## [PROBLEM DESCRIPTION]
Everything below from the line with "Vancasso MODA Servizio" through the line with "Серия включает несколько" must be retyped exactly, except the pictures.

## [ENTRIES PROVIDED]
<<<<
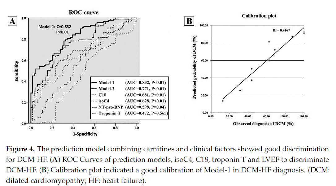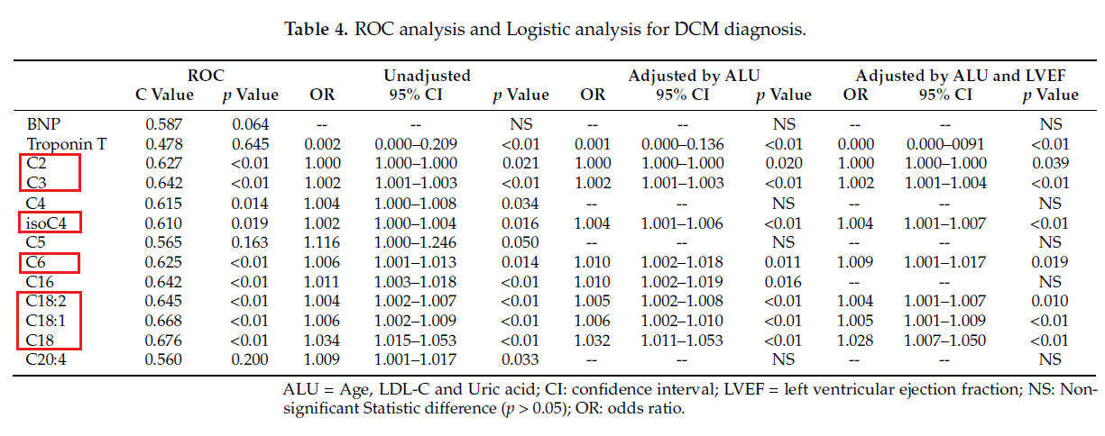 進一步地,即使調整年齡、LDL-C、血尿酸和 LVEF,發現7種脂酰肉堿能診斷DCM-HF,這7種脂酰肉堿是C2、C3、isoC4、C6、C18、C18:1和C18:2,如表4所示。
>>>>
<<<<
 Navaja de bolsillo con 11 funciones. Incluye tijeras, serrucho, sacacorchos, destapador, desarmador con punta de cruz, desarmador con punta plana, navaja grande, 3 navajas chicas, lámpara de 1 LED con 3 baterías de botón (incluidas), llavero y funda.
>>>>
<<<<
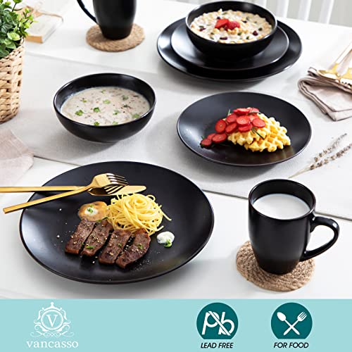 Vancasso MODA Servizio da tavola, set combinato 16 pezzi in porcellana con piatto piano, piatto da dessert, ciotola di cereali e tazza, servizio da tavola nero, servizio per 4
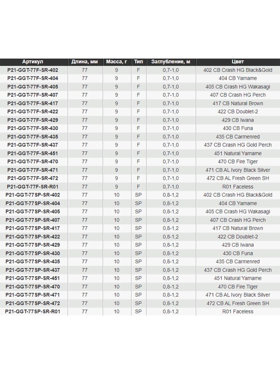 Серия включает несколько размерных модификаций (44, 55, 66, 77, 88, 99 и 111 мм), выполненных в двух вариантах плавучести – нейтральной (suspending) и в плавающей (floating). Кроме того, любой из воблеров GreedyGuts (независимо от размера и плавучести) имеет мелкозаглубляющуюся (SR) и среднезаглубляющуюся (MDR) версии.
>>>>
## [THE COMPLETED TASK]
 Vancasso MODA Servizio da tavola, set combinato 16 pezzi in porcellana con piatto piano, piatto da dessert, ciotola di cereali e tazza, servizio da tavola nero, servizio per 4
 Серия включает несколько размерных модификаций (44, 55, 66, 77, 88, 99 и 111 мм), выполненных в двух вариантах плавучести – нейтральной (suspending) и в плавающей (floating). Кроме того, любой из воблеров GreedyGuts (независимо от размера и плавучести) имеет мелкозаглубляющуюся (SR) и среднезаглубляющуюся (MDR) версии.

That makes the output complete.